## ASSIGNMENT
Reproduce from the records below, with no pictures, exactly the lines between the one containing "This simple rustic" and the one containing "打开地图就能看到附近的充电站点;", inclusive.

(Dataset excerpts)

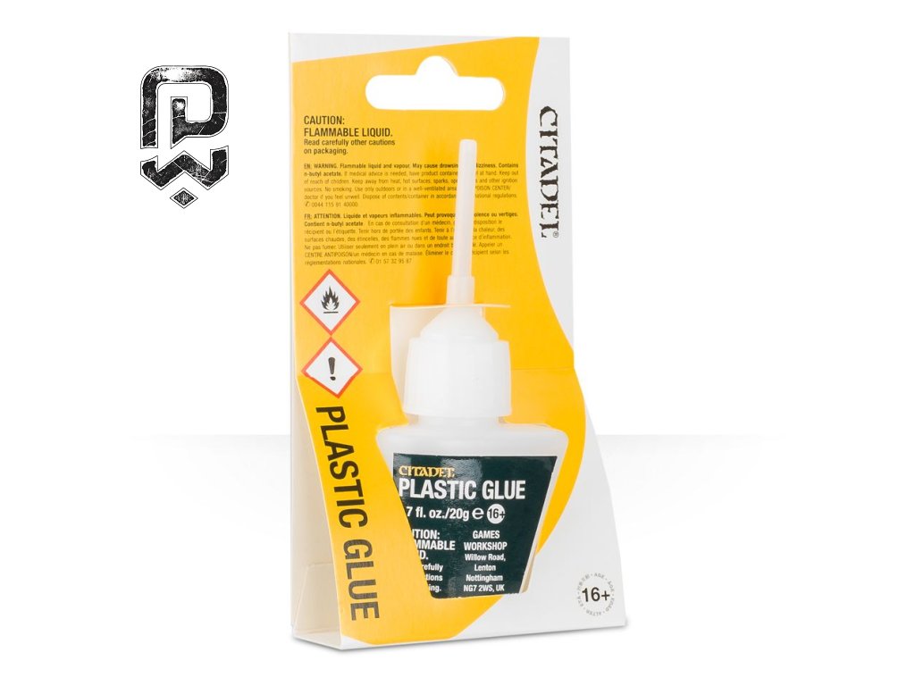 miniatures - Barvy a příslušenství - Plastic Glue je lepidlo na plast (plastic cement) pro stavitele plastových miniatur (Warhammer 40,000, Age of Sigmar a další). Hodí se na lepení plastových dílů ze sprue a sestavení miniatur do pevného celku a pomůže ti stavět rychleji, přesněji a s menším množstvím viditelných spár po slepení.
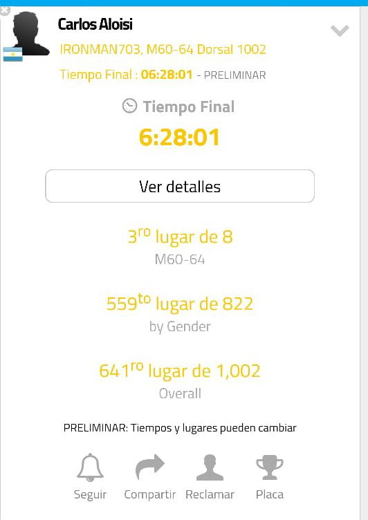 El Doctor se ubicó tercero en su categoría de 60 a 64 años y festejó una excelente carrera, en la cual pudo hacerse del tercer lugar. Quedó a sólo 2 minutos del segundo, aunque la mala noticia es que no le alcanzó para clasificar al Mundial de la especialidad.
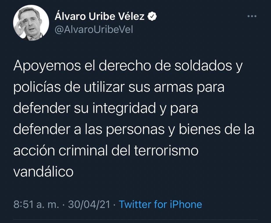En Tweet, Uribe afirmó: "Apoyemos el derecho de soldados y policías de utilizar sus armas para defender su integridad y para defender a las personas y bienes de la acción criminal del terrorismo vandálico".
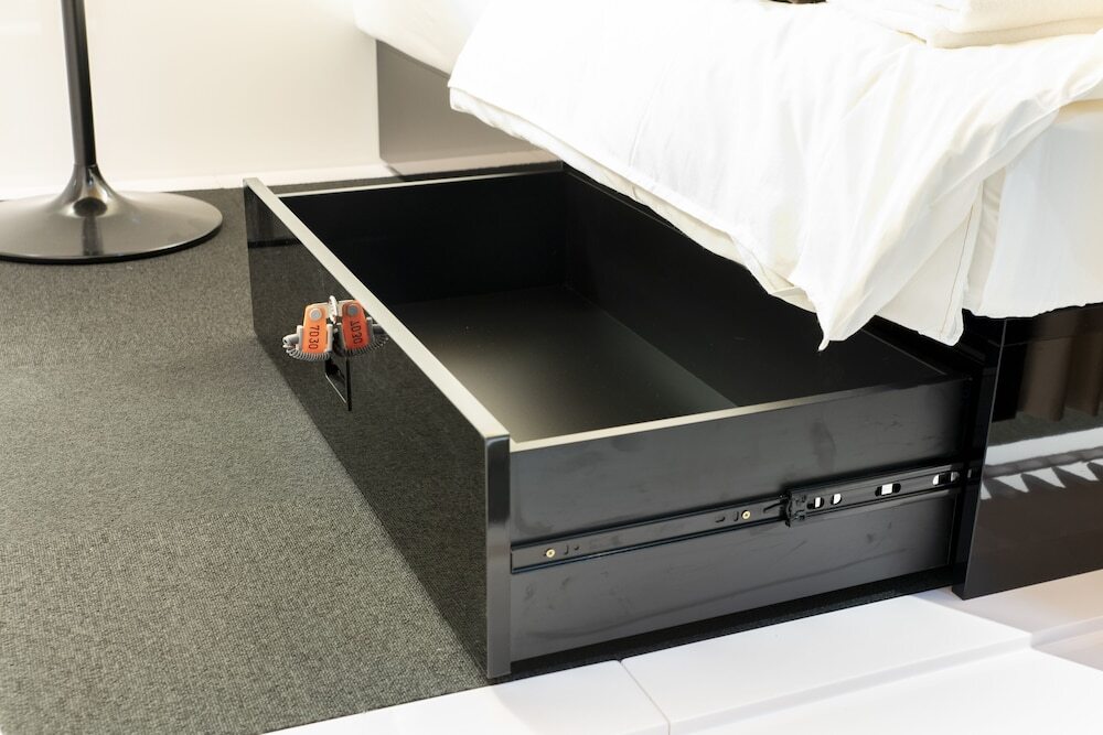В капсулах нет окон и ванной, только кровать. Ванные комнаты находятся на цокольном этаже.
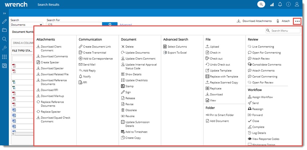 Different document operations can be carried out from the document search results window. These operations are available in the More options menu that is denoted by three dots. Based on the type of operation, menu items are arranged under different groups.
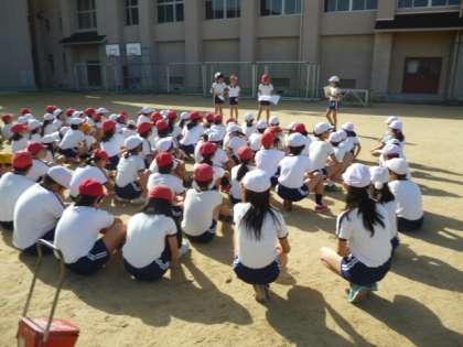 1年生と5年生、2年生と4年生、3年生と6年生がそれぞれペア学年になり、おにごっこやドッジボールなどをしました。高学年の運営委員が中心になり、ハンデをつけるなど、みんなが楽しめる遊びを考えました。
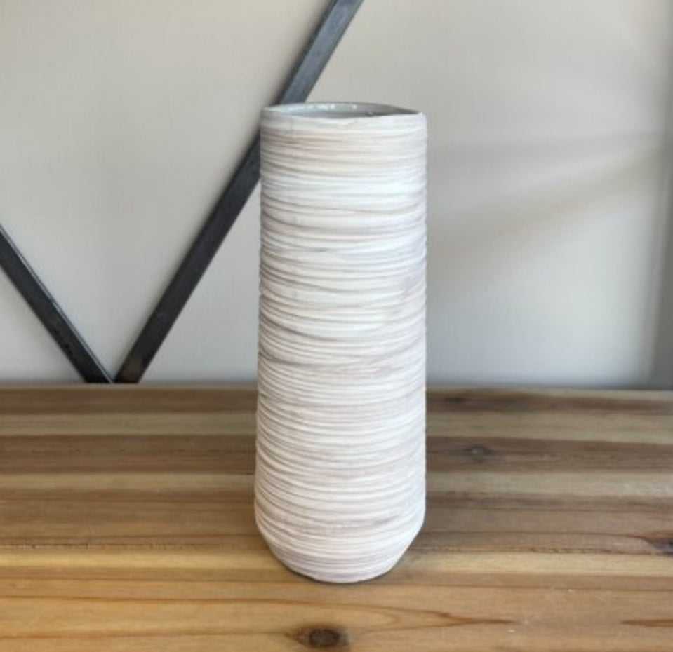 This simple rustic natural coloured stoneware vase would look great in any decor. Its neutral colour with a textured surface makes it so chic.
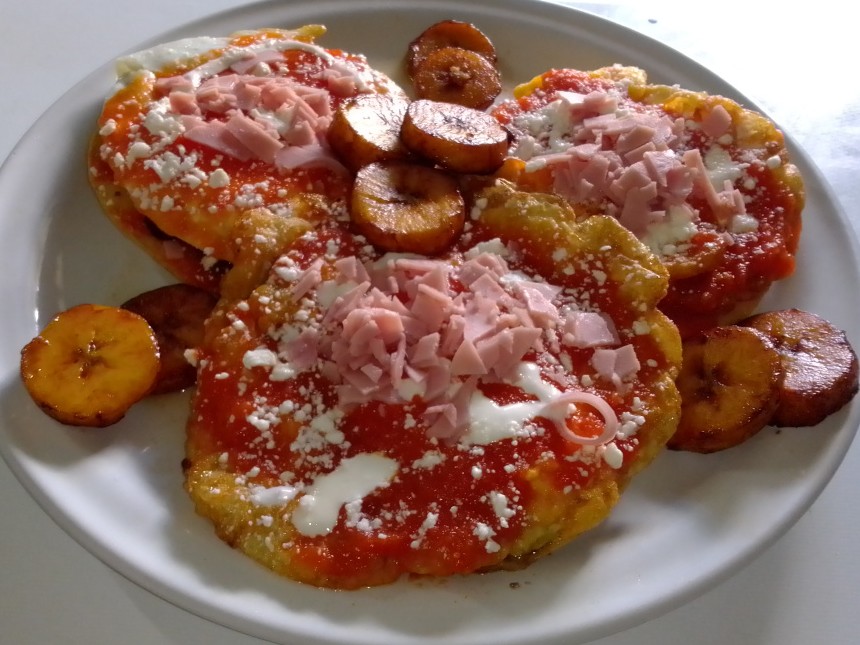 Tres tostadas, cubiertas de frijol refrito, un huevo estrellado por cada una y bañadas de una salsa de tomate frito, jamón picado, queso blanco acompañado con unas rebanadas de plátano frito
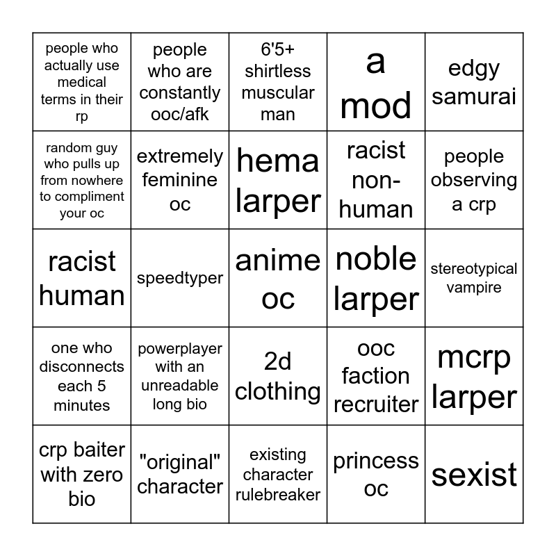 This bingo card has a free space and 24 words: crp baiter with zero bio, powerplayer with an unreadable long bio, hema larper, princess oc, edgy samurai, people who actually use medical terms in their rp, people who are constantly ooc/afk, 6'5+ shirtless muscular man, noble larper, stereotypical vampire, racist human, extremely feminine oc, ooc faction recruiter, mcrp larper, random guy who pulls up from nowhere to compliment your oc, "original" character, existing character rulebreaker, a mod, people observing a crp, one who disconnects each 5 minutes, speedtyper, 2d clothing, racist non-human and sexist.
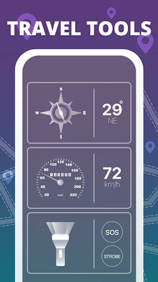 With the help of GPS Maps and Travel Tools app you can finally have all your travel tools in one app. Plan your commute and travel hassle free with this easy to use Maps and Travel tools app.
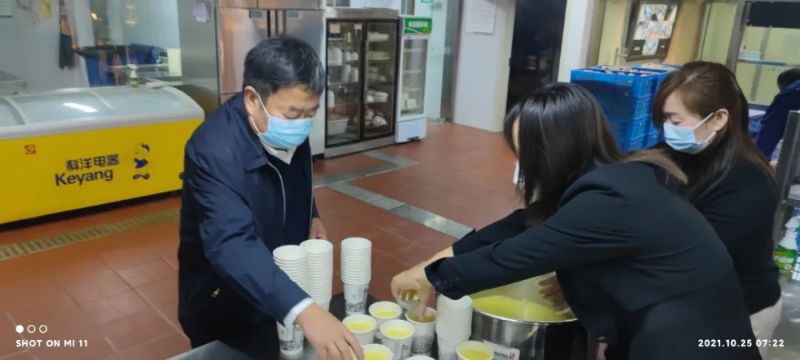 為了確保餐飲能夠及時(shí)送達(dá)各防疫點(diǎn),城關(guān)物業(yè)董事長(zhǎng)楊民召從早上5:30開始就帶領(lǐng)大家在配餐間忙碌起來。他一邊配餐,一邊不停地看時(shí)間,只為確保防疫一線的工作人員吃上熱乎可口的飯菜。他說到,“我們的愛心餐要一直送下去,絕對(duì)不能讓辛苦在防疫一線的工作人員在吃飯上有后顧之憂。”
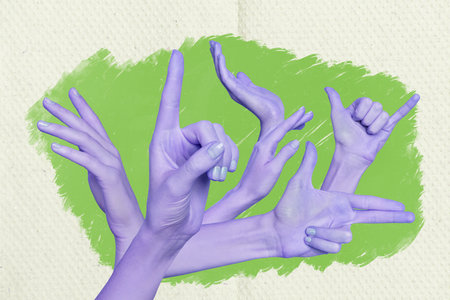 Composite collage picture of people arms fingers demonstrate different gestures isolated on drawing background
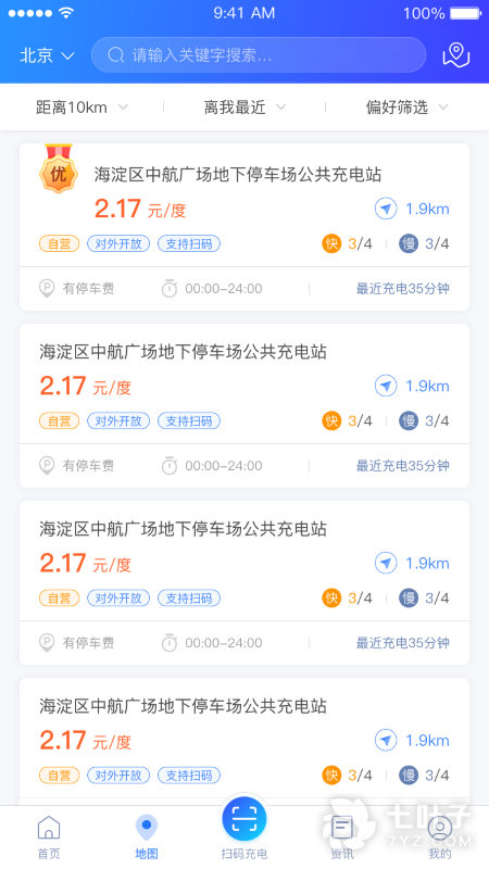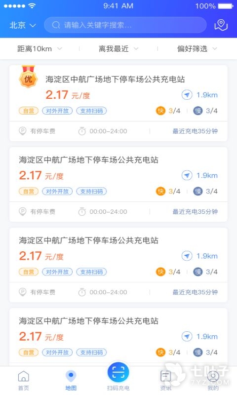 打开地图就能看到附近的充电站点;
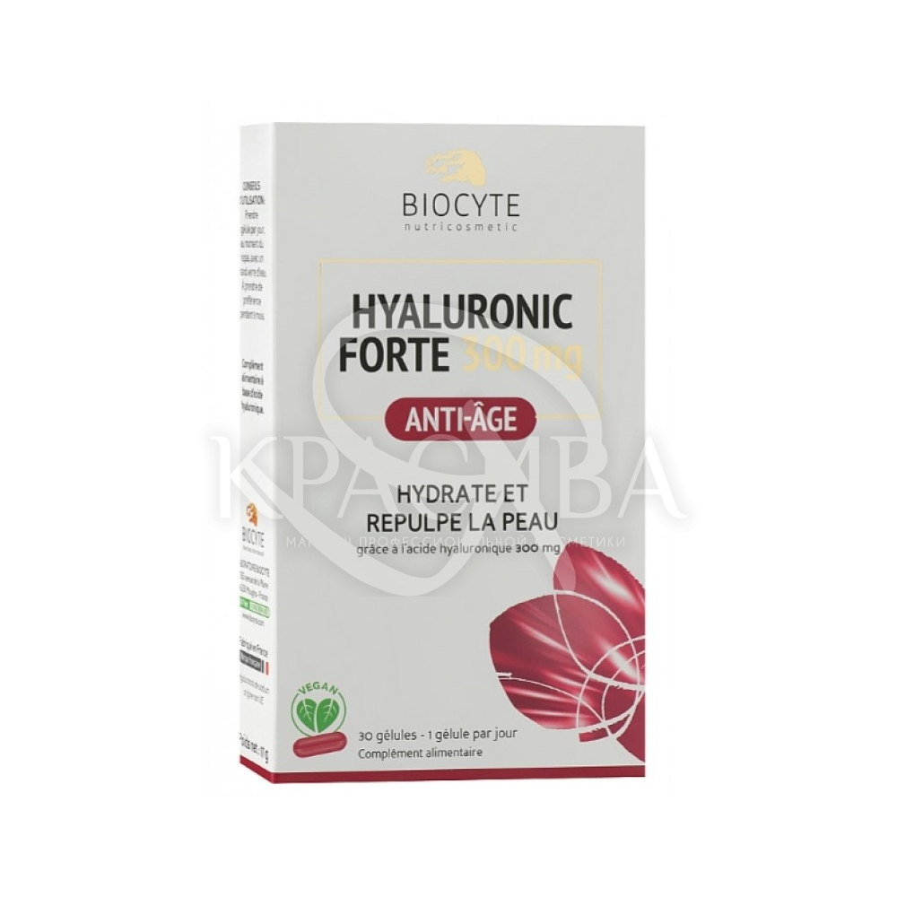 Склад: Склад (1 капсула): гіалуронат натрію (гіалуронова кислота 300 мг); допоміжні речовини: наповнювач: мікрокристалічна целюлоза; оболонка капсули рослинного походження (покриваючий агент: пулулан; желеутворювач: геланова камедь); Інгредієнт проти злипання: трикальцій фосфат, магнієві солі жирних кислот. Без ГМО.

## EXERCISE SOLUTION
 This simple rustic natural coloured stoneware vase would look great in any decor. Its neutral colour with a textured surface makes it so chic.
 Tres tostadas, cubiertas de frijol refrito, un huevo estrellado por cada una y bañadas de una salsa de tomate frito, jamón picado, queso blanco acompañado con unas rebanadas de plátano frito
 This bingo card has a free space and 24 words: crp baiter with zero bio, powerplayer with an unreadable long bio, hema larper, princess oc, edgy samurai, people who actually use medical terms in their rp, people who are constantly ooc/afk, 6'5+ shirtless muscular man, noble larper, stereotypical vampire, racist human, extremely feminine oc, ooc faction recruiter, mcrp larper, random guy who pulls up from nowhere to compliment your oc, "original" character, existing character rulebreaker, a mod, people observing a crp, one who disconnects each 5 minutes, speedtyper, 2d clothing, racist non-human and sexist.
 With the help of GPS Maps and Travel Tools app you can finally have all your travel tools in one app. Plan your commute and travel hassle free with this easy to use Maps and Travel tools app.
 為了確保餐飲能夠及時(shí)送達(dá)各防疫點(diǎn),城關(guān)物業(yè)董事長(zhǎng)楊民召從早上5:30開始就帶領(lǐng)大家在配餐間忙碌起來。他一邊配餐,一邊不停地看時(shí)間,只為確保防疫一線的工作人員吃上熱乎可口的飯菜。他說到,“我們的愛心餐要一直送下去,絕對(duì)不能讓辛苦在防疫一線的工作人員在吃飯上有后顧之憂。”
 Composite collage picture of people arms fingers demonstrate different gestures isolated on drawing background
 打开地图就能看到附近的充电站点;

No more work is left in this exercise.